§ **Exercise directions**: Write the listing out again, exactly as it reads below.

§ **Given data**:

+ + + + +

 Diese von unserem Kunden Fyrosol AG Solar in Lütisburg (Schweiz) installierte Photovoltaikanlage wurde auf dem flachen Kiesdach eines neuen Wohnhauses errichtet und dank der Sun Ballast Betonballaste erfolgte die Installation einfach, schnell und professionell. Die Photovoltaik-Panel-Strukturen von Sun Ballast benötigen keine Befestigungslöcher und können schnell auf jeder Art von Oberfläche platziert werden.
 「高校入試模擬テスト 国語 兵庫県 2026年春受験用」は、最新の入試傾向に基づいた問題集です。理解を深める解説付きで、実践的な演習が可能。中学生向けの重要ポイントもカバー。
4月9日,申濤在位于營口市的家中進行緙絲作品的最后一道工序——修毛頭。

+ + + + +

§ **Task output**:
 Diese von unserem Kunden Fyrosol AG Solar in Lütisburg (Schweiz) installierte Photovoltaikanlage wurde auf dem flachen Kiesdach eines neuen Wohnhauses errichtet und dank der Sun Ballast Betonballaste erfolgte die Installation einfach, schnell und professionell. Die Photovoltaik-Panel-Strukturen von Sun Ballast benötigen keine Befestigungslöcher und können schnell auf jeder Art von Oberfläche platziert werden.
 「高校入試模擬テスト 国語 兵庫県 2026年春受験用」は、最新の入試傾向に基づいた問題集です。理解を深める解説付きで、実践的な演習が可能。中学生向けの重要ポイントもカバー。
4月9日,申濤在位于營口市的家中進行緙絲作品的最后一道工序——修毛頭。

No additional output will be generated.